• **ASSIGNMENT**
Please write out exactly the lines of the data below from the line holding "Eşini mobilya mağazasında" through the line holding "Estuche plástico rígido", and leave out the rest.

[Extracted records]
● ● ● ● ●
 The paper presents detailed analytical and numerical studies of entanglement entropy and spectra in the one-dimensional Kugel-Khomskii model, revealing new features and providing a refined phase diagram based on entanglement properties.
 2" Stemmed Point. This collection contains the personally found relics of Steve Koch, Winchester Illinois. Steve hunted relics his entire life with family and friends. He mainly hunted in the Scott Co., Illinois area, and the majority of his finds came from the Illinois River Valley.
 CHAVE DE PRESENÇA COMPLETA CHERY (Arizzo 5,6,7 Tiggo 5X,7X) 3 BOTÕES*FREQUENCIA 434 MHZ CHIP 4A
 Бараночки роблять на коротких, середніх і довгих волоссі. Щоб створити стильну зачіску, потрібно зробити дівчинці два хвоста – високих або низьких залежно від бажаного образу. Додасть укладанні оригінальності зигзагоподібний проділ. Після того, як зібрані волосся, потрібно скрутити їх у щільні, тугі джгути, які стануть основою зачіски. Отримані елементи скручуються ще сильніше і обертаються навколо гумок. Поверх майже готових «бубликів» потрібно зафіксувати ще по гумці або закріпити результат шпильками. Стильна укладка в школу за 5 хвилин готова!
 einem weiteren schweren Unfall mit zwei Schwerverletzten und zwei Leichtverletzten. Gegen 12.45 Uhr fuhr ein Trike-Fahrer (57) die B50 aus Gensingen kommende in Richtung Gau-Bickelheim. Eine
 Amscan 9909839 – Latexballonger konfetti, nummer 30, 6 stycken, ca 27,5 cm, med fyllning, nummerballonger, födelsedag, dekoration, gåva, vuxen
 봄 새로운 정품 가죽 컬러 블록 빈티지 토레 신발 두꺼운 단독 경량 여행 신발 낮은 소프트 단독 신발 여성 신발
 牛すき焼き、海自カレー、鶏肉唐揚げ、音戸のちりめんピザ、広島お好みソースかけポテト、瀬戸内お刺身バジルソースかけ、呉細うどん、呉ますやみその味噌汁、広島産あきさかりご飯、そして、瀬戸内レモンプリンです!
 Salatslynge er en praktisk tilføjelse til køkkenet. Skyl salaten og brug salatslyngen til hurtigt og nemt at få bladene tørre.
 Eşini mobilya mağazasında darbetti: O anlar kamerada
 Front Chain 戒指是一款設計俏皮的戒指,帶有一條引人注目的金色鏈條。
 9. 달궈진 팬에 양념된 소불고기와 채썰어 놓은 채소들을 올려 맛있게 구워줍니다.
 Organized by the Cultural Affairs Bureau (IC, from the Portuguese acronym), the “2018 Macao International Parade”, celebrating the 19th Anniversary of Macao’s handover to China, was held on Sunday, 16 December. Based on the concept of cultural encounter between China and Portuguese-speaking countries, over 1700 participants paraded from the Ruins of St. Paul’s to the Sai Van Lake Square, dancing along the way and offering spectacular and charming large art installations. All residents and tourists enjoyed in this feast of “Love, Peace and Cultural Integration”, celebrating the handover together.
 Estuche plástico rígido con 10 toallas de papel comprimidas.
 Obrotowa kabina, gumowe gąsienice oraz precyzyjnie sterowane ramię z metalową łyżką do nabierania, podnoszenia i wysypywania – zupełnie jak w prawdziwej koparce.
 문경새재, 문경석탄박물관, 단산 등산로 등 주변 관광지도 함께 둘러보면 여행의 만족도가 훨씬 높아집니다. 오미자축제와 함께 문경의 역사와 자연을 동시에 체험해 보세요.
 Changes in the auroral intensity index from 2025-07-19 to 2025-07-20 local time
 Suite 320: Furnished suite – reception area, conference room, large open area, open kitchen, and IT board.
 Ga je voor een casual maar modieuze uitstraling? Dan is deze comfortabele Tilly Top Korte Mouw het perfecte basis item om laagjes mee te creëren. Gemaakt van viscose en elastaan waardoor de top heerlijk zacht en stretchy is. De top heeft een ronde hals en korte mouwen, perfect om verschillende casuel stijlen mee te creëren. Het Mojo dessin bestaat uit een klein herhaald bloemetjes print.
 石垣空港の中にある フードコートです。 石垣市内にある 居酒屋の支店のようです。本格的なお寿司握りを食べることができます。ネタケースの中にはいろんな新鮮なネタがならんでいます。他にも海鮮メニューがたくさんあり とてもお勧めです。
● ● ● ● ●
• **PROBLEM SOLUTION**
 Eşini mobilya mağazasında darbetti: O anlar kamerada
 Front Chain 戒指是一款設計俏皮的戒指,帶有一條引人注目的金色鏈條。
 9. 달궈진 팬에 양념된 소불고기와 채썰어 놓은 채소들을 올려 맛있게 구워줍니다.
 Organized by the Cultural Affairs Bureau (IC, from the Portuguese acronym), the “2018 Macao International Parade”, celebrating the 19th Anniversary of Macao’s handover to China, was held on Sunday, 16 December. Based on the concept of cultural encounter between China and Portuguese-speaking countries, over 1700 participants paraded from the Ruins of St. Paul’s to the Sai Van Lake Square, dancing along the way and offering spectacular and charming large art installations. All residents and tourists enjoyed in this feast of “Love, Peace and Cultural Integration”, celebrating the handover together.
 Estuche plástico rígido con 10 toallas de papel comprimidas.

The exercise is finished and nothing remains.